Guest Post: Thank You For Reading

The man across from me is wanted by Interpol. He has employed Ickx, Scheckter, Hunt. Gian Paolo Dallara hand-built him three separate, customized Countachs, for which he browbeat Pirelli into developing an unheard-of 315-series P7 tire. In an off-handed, self-deprecating manner, he tells me of the time he won a Ferrari 512bb over a bet with Enzo Ferrari on the outcome of the 1976 Monaco Grand Prix, based simply on a handshake.

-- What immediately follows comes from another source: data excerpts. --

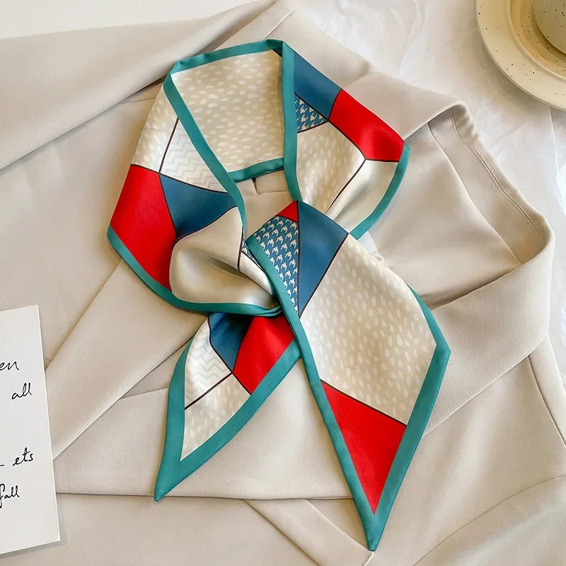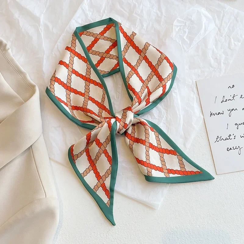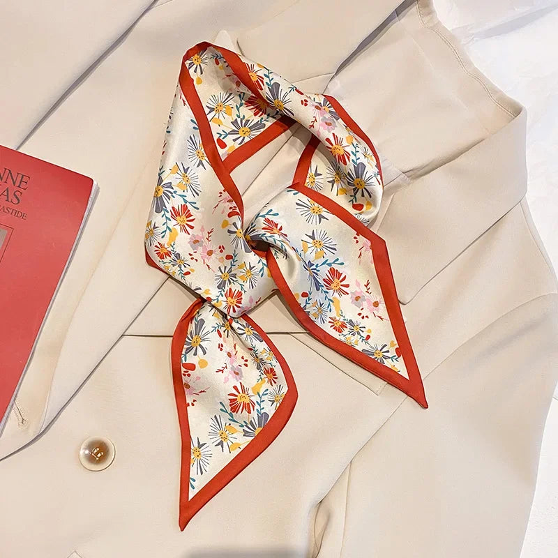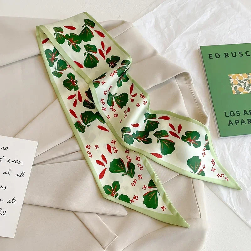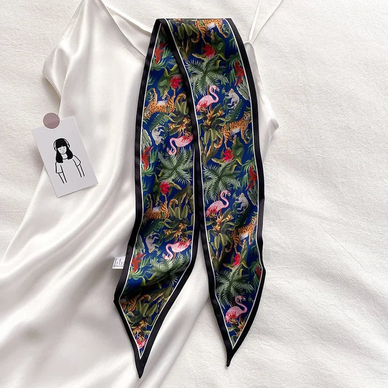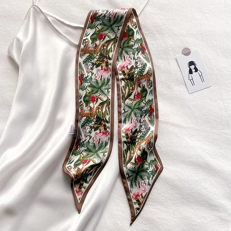Leopard Flamingo Print Silk Long Scarf Women Luxury Hairband Narrow Scarves Small Neckerchief Summer Headband Ribbons Female
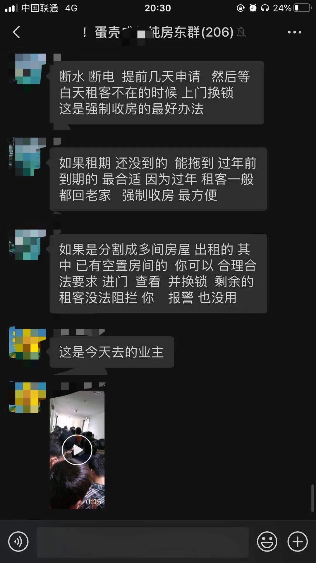 蛋壳房东群里,房东们在讨论强制收房的办法
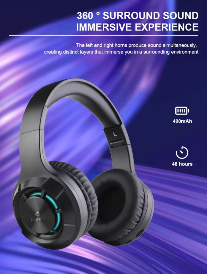 سماعة رأس بلوتوث Kisonli A2 للألعاب – إضاءة RGB – تشغيل حتى 48 ساعة
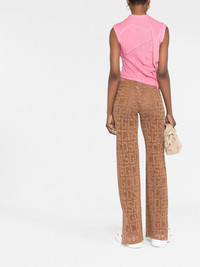 crochet high-waisted trousers orange sheer coverage crochet knit all-over logo print drawstring fastening waist side slits straight hem Made in Italy Composition Viscose 70%, Polyester 15%, Metallic Fibre 15% SIZE & FIT Model measurements Height 5 ft 11 in(1.8 m) Bust/Chest 31.49 in(80 cm) Hips 36.61 in(93 cm) Waist 24.4 in(62 cm) FittingInformation This piece fits true to size. We recommend you get your regular size Designed to be fitted at the waist and hips, loose over the leg Made with a mid-weight fabric Washing instructions Hand Wash
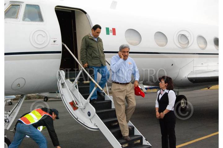 MÉXICO D.F., 30ENERO2009.- El Secretario de la SAGRAPA, Alberto Cardenas, a su llegada al hangar de la SAGARPA donde se iba a realizar una firma de trabajo entre la SAGARPA y la Cámara Nacional de la Industria Pesquera y Acuícola (Canaipesca). FOTO: SAÚL LÓPEZ/CUARTOSCURO.COM
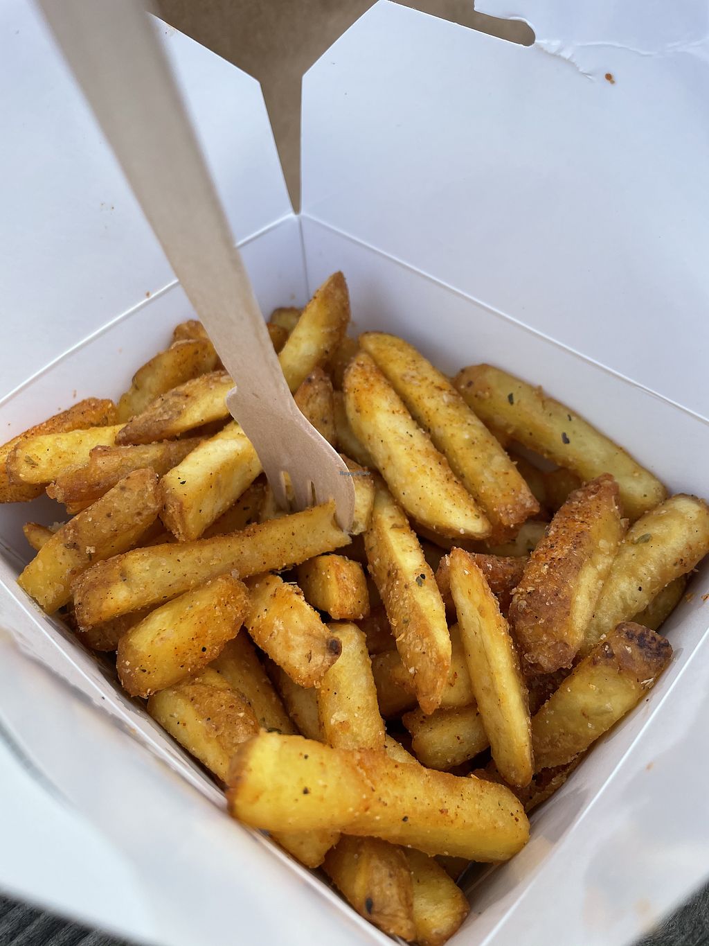 Rudy's Fries with garlic mayo and Buffalo Wingz
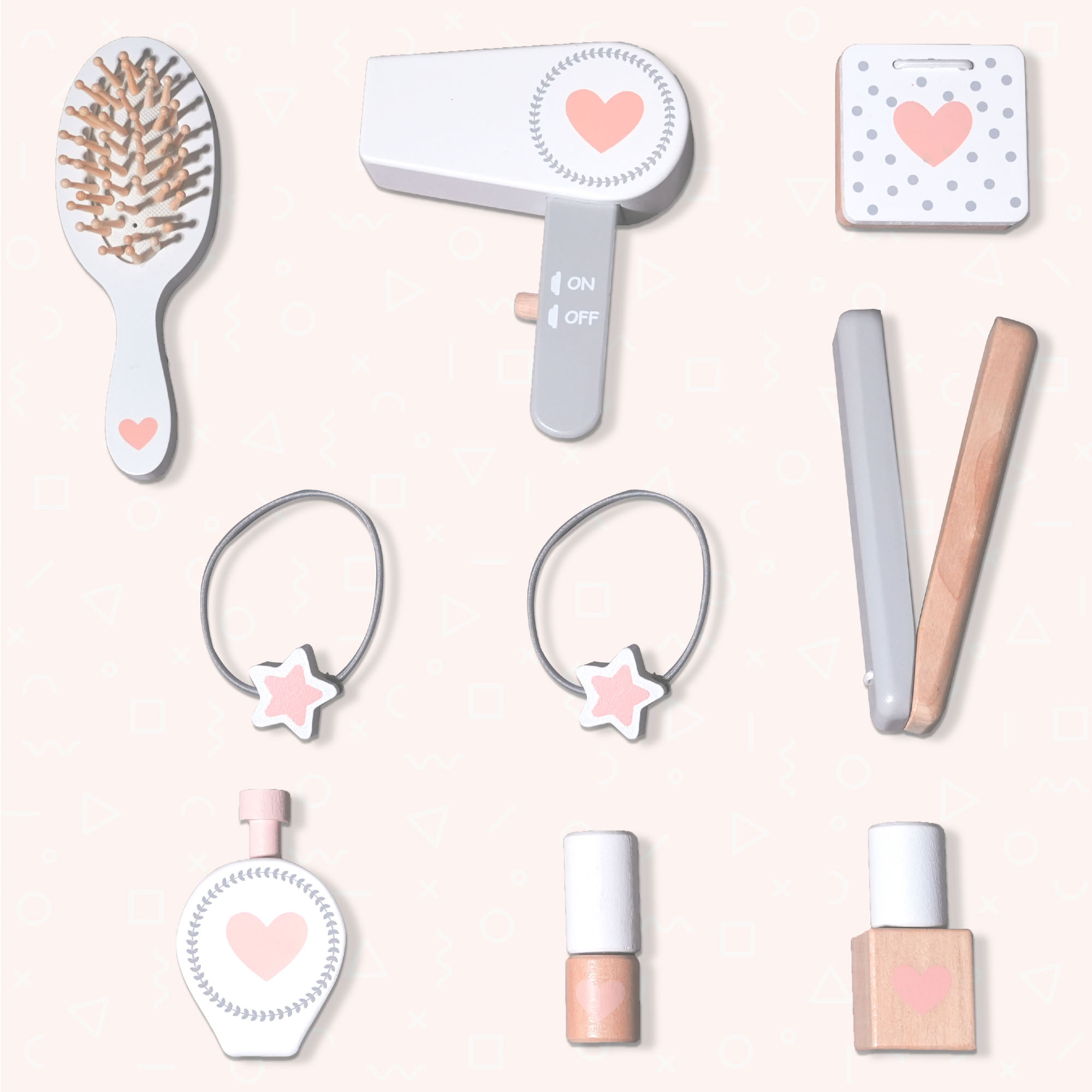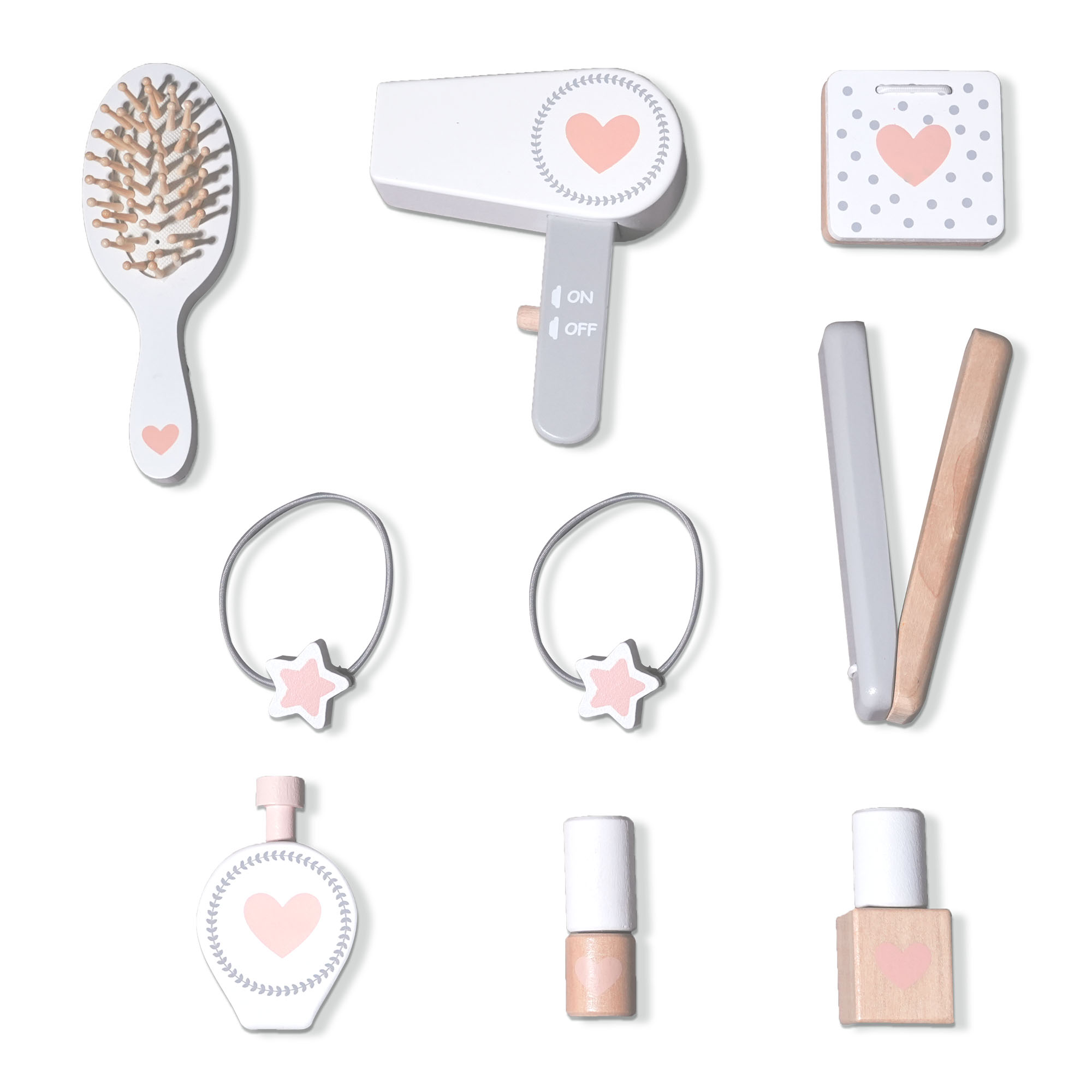 - Mukana jopa 9 tarviketta: hiusharja, hiustenkuivaaja, luomiväri, 2 kuminauhaa, hiusten suoristusrauta, hajuvesi, kynsilakka, huulipuna
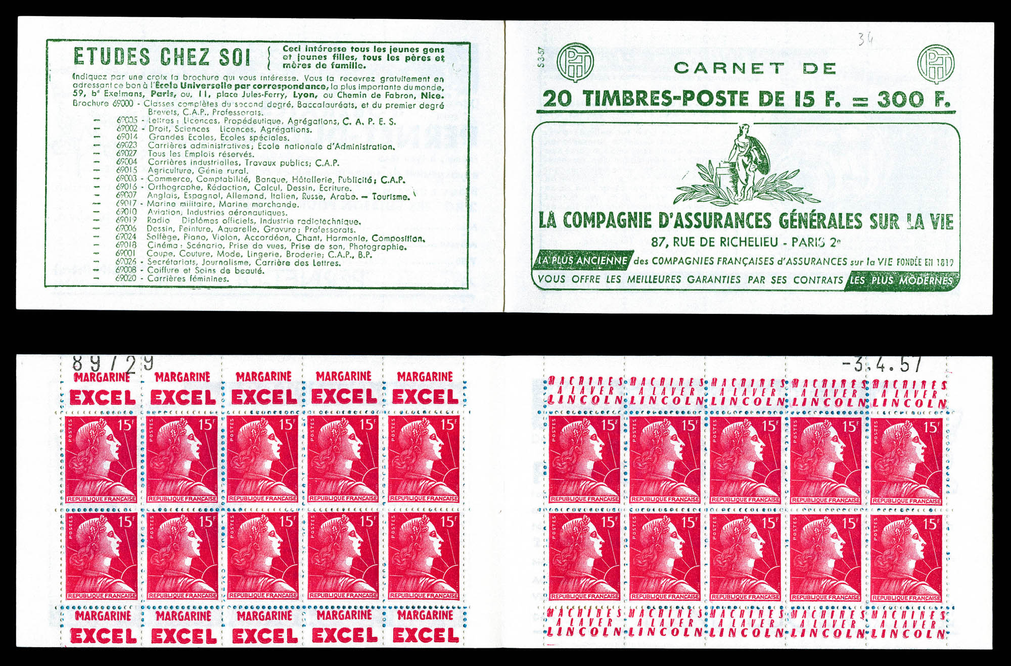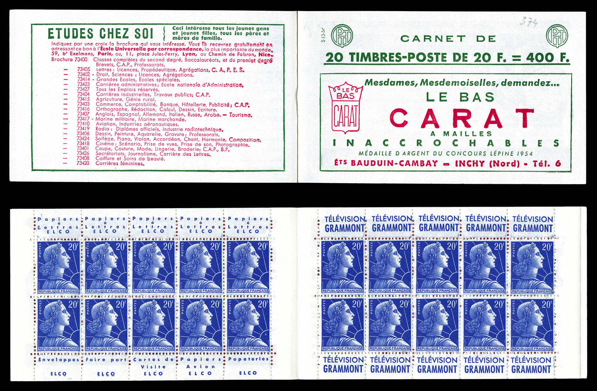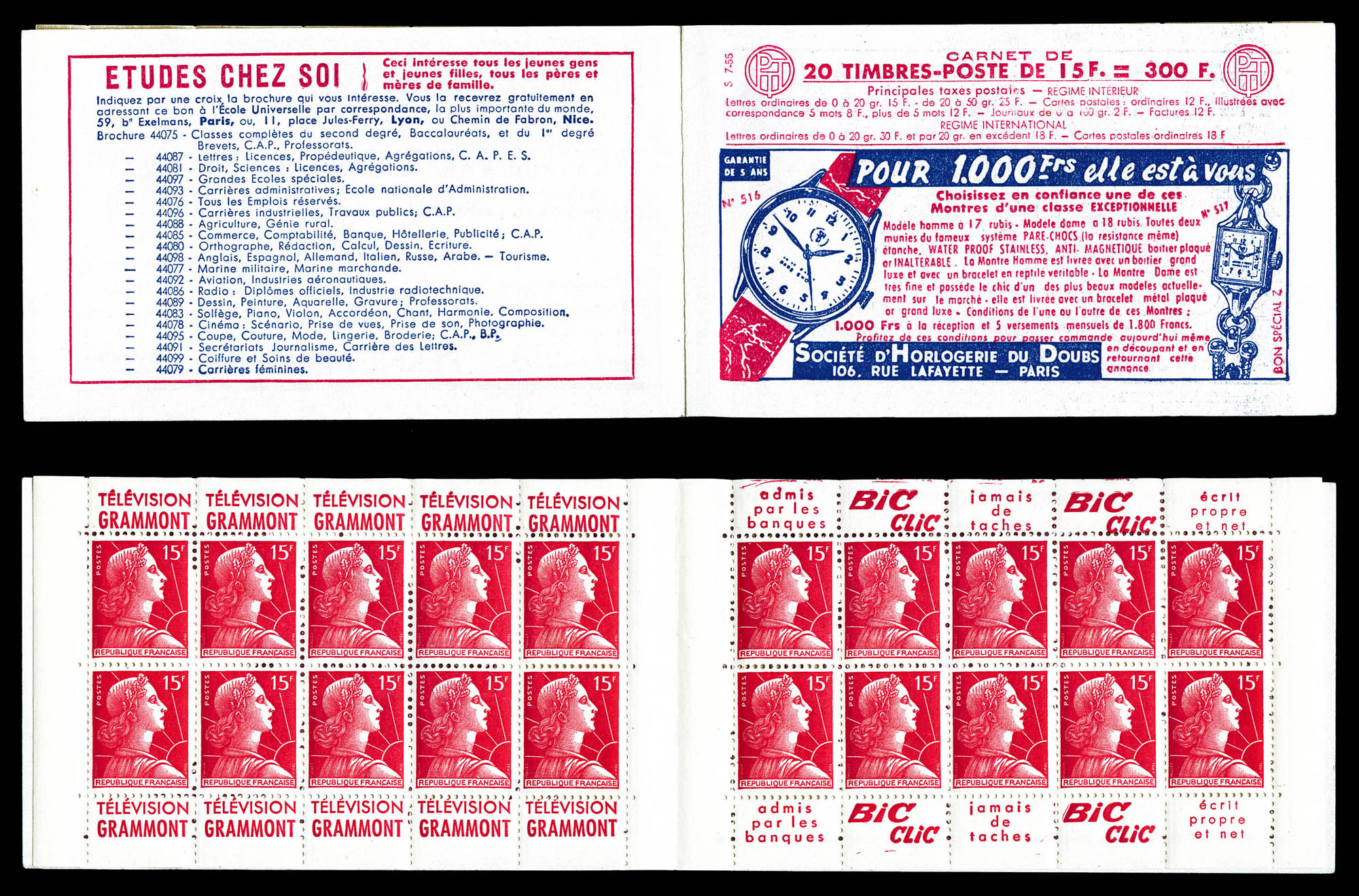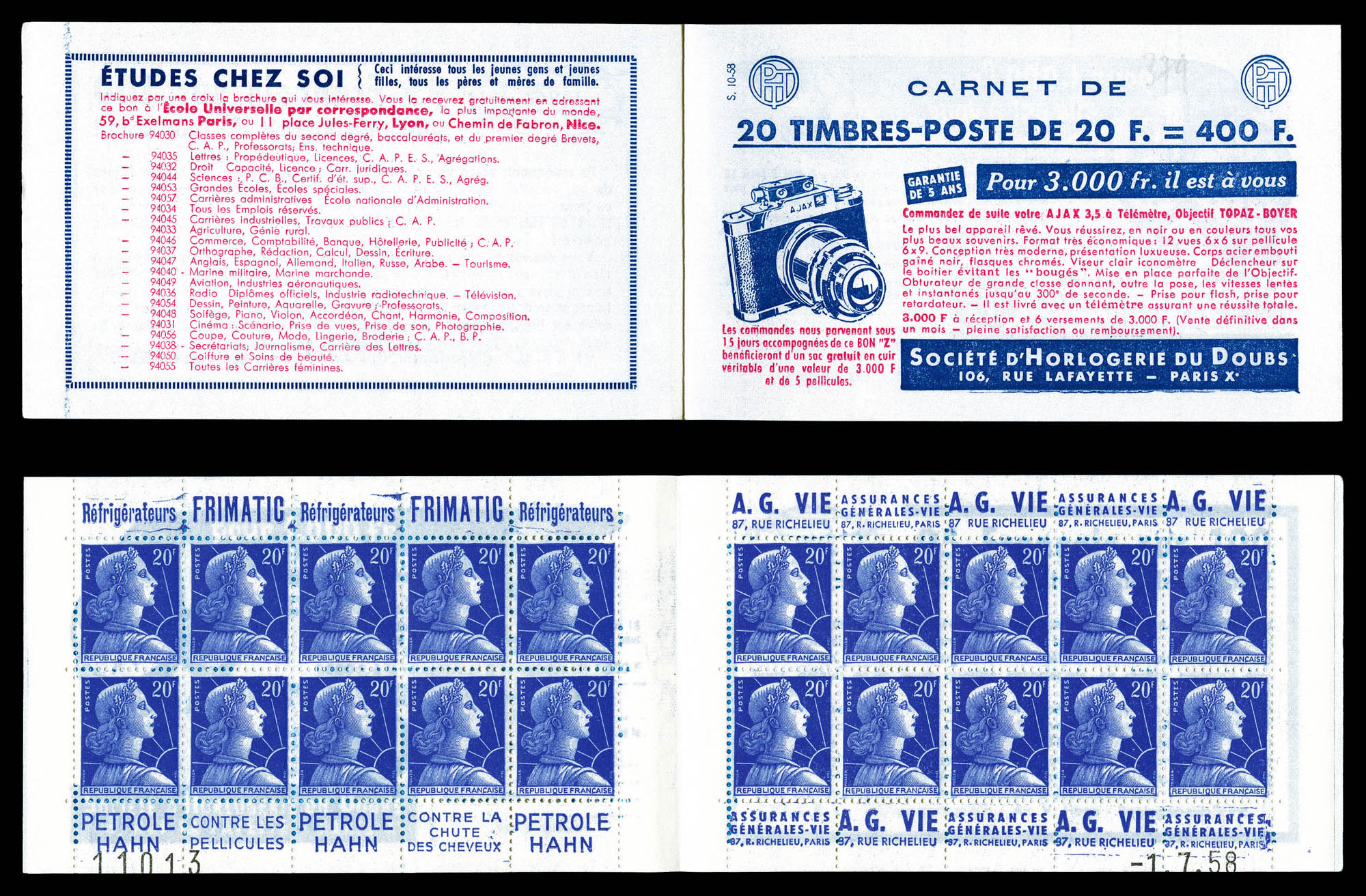 PROVINS, carnet de 20 timbres MIXTE: 10 exemplaires du 15f GANDON (feuillet de gauche) et 10 exemplaires du 15f MULLER (feuillet de

If you’ve got a nose for a story, this sort of thing is like getting a whiff of pure Sex Panther – it stings the nostrils. And yes, it was a good story, two of them in fact. But how to evaluate their worth? Neither tale, as far as I can make out, rated above a few hundred facebook shares, this in the same time frame that your average list article – of something, anything – will fetch thousands, if not millions of views. Perhaps the story didn’t blow your mind, or melt your face, or failed to include “100% true” in the headline.

Around the same time that I had my just-by-chance interview with Mr. Wolf, one of those viral slogans was making its rounds through the web. “Being a writer,” it said, “is like having homework every night for the rest of your life.” At first, I accepted this at face value, thinking of the massive stack of deadlines coming due (Douglas Adams: “I love deadlines. I like the whooshing sound they make as they fly by.”), and that general feeling of never being finished.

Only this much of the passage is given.